* _Given material_:
Segment Open

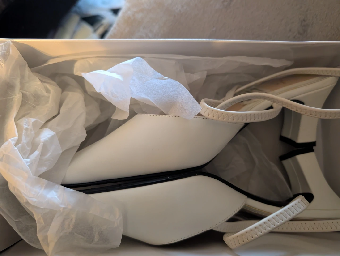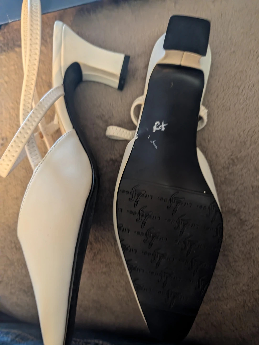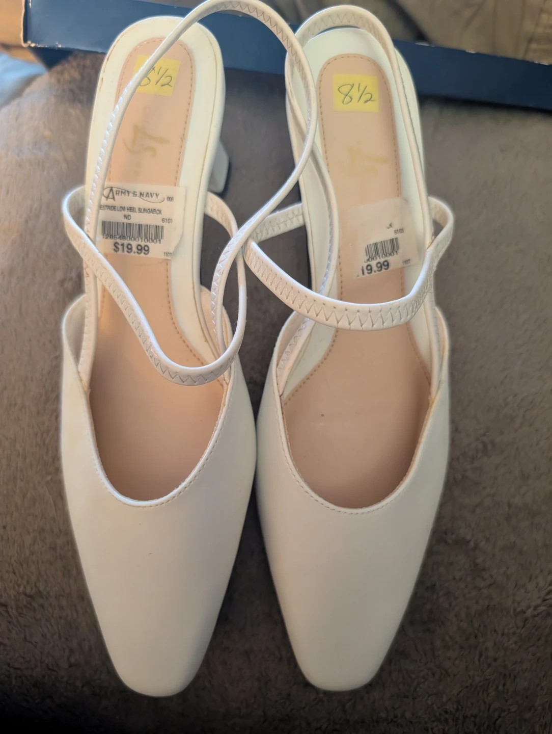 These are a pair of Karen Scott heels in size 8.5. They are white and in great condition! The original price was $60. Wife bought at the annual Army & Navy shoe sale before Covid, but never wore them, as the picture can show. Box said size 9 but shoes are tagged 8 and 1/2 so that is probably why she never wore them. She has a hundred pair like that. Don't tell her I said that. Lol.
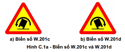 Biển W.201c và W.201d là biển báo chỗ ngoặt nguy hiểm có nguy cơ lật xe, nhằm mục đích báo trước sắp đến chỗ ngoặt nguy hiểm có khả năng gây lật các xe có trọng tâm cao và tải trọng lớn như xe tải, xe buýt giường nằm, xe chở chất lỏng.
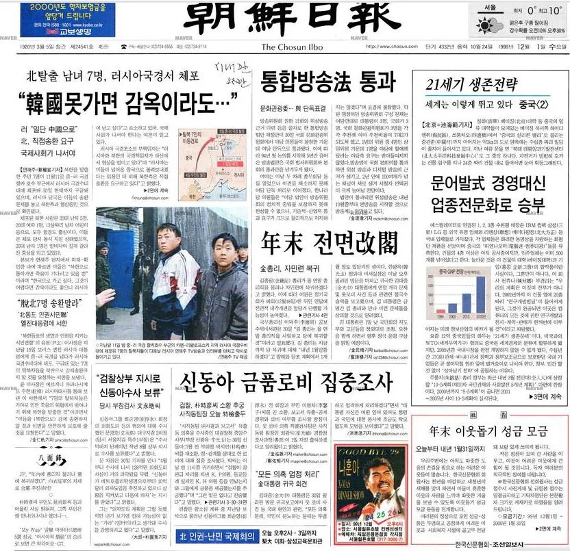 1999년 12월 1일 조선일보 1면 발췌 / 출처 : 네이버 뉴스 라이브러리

Segment Closed

* _Directions for this task_: Print the material precisely as given, dropping any images it holds.

* _Written response_:
 These are a pair of Karen Scott heels in size 8.5. They are white and in great condition! The original price was $60. Wife bought at the annual Army & Navy shoe sale before Covid, but never wore them, as the picture can show. Box said size 9 but shoes are tagged 8 and 1/2 so that is probably why she never wore them. She has a hundred pair like that. Don't tell her I said that. Lol.
 Biển W.201c và W.201d là biển báo chỗ ngoặt nguy hiểm có nguy cơ lật xe, nhằm mục đích báo trước sắp đến chỗ ngoặt nguy hiểm có khả năng gây lật các xe có trọng tâm cao và tải trọng lớn như xe tải, xe buýt giường nằm, xe chở chất lỏng.
 1999년 12월 1일 조선일보 1면 발췌 / 출처 : 네이버 뉴스 라이브러리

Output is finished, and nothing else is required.